The undersigned acknowledges that “[s]ection 2675(a) does not require an agency to undertake an independent search for injuries or theories of liability that are not closely related to the matters described in the claim.” Burchfield, 168 F.3d at 1256–57 (citing cases where claimants provided insufficient notice in administrative claims). In this case, however, such an independent search was not required because the claims and allegations omitted from the administrative claim—the conditions of the floor and the GSA's failure to warn—were closely related to the incident described in the Plaintiff's administrative claim—the Plaintiff's fall in the second floor hallway of the federal courthouse.
Thus, the undersigned has determined that the Plaintiff properly exhausted her administrative remedies, pursuant to section 2675(a), by submitting a claim to the GSA with sufficient information to enable the GSA to investigate her claim. As such, it is hereby RECOMMENDED by the undersigned that the Court DENY the United States' motion to dismiss the claims and allegations omitted from the Plaintiff's administrative claim (doc. 21 at 5).
Conclusion
For the reasons stated herein, the Magistrate Judge RECOMMENDS that the United States' Motion for Partial Dismissal (doc. 21) be GRANTED IN PART and DENIED IN PART.
Specifically, the undersigned RECOMMENDS that
1. All claims asserted against the GSA should be DISMISSED WITH PREJUDICE because the GSA is not a proper defendant in an FTCA case.

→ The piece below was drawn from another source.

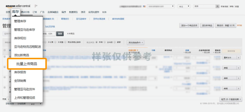 1/从“库存”下拉菜单中,选择“批量上传商品”。

2. The Plaintiff's request for prejudgment interest in paragraph G of Counts I, II and III should be DISMISSED WITH PREJUDICE.
3. The United States' request for the entry of an order dismissing all claims and allegations not asserted in the Plaintiff's administrative claim should be DENIED.
NOTICE OF RIGHT TO FILE OBJECTIONS
A copy of this report and recommendation shall be served on all parties in the manner provided by law. Any party who objects to this recommendation or anything in it must, within fourteen (14) days of the date of service of this document, file specific written objections with the Clerk of this Court. See28 U.S.C. § 636(b)(1); FED. R. CIV. P. 72(b); S.D. ALA. L.R. 72.4. The parties should note that under Eleventh Circuit precedent, “the failure to object limits the scope of [ ] appellate review to plain error review of the magistrate judge's factual findings.” Dupree v. Warden, 715 F.3d 1295, 1300 (11th Cir.2013) (emphasis in original). In order to be specific, an objection must identify the specific finding or recommendation to which objection is made, state the basis for the objection, and specify the place in the Magistrate Judge's report and recommendation where the disputed determination is found. An objection that merely incorporates by reference or refers to the briefing before the Magistrate Judge is not specific.
DONE this the 14th day of February, 2014.